Dave Cormier’s provocation this week was to consider how we get people to be responsible for their learning and more importantly how do we allow for true self-assessment and self-remediation.

Can independence (as it relates to learning) be enforced? How do we as educators demonstrate our enforced independence?

This week as I wrestle with this seemingly paradoxical idea, I had to first self-assess what I did and did not know, think or feel about the topic (not much it would seem). Then I had to make a plan to self-remediate accordingly. As I did not have any significant understandings on enforcing independence to start, I had to create and seek out situations that might help some emerge. I had to track down useful people, who through conversation might help flesh some productive thinking out. I had to search out materials to further inform my thinking on the topic. Finally and most challenging of all, I had to sit down to explain what all these activities had produced…in a clear manner for others to understand.

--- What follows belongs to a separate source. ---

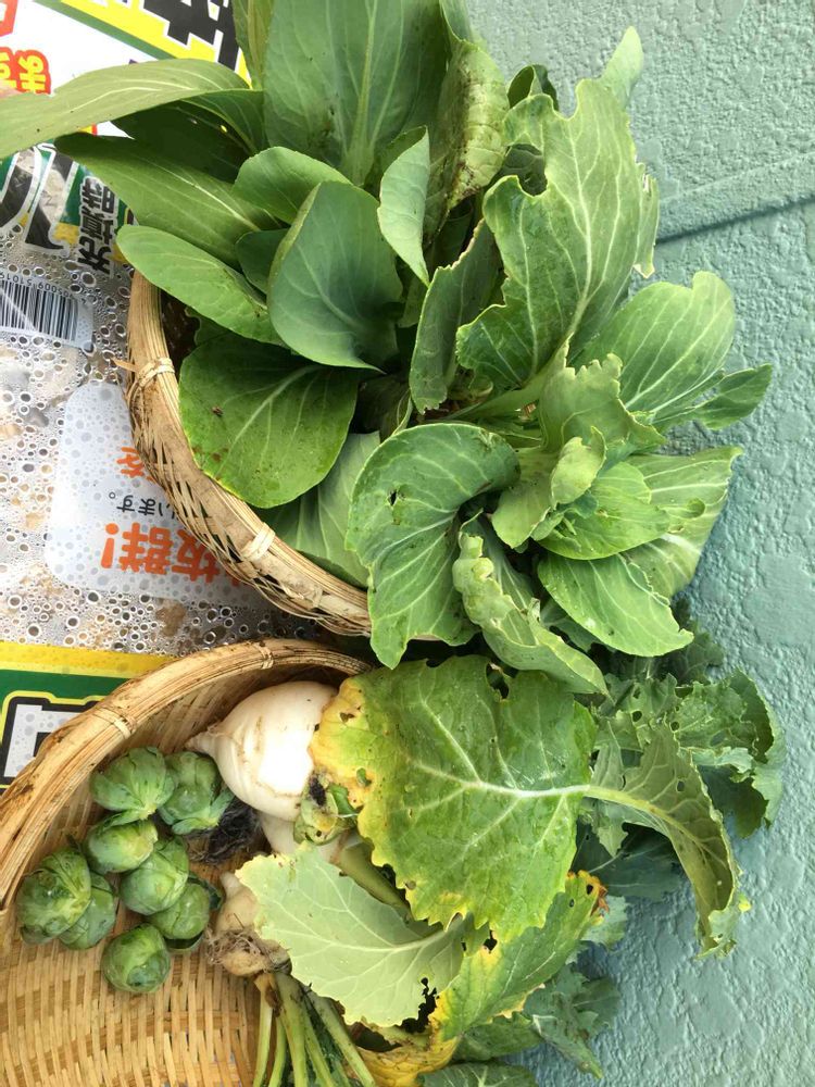 久しぶりの収穫はコカブ3個、青梗菜5本、芽キャベツ8個(10円玉くらい試食用)

This independent process demanded a set of skills (competencies, mindsets, literacies). For example, I needed to know where and how to find relevant and useful materials. I also needed to know people who might be helpful towards developing my thinking. Also it took time to examine my own experiences as a teacher and parent, then consider how these guide my thinking. Moreover I had to be motivated to carry it all out. I had to feel I could get somewhere with the topic (i.e. if the topic had been black holes I might have felt no inclination to carry this process out).
But it was completely up to me to choose, how, when, for how long, etc.

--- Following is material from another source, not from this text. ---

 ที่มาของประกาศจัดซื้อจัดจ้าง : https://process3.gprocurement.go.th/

Imagine if Dave had demanded we have a final product by Sunday afternoon? Imagine if he said HE would evaluate us on our thinking? I would not have had the freedom or space to be independent. By telling us very little on the topic he enforced my independence. If he had said, he was going to evaluate me…I would have, in that second, lost my independence and become dependent on him to tell me…and I would have wanted to depend more on him…for the best or right answer (i.e. the answer he wanted or would evaluate favorably).
Ahh…so deliciously complicated, I would be lying if I said the process was easy.

As I track this process I wonder: Do our students have these skills?; Do we explicitly nurture these skills?; We say we want independent learners but do our actions support this possibility when students are told what to learn, when to learn it and how they will show their learning?; Can they ever become independent in these conditions?; Are we implicit in their inability to become independent learners when everything is prescribed for them?; Can anyone ever become independent when held accountable?

Have we, in our need to simplify and make efficient, ignored the complexity of conditions that allow independence to develop and thrive? Is “the answer” to enforced independence perhaps, to borrow Tony Wagner’s words, more “ecological than logical?”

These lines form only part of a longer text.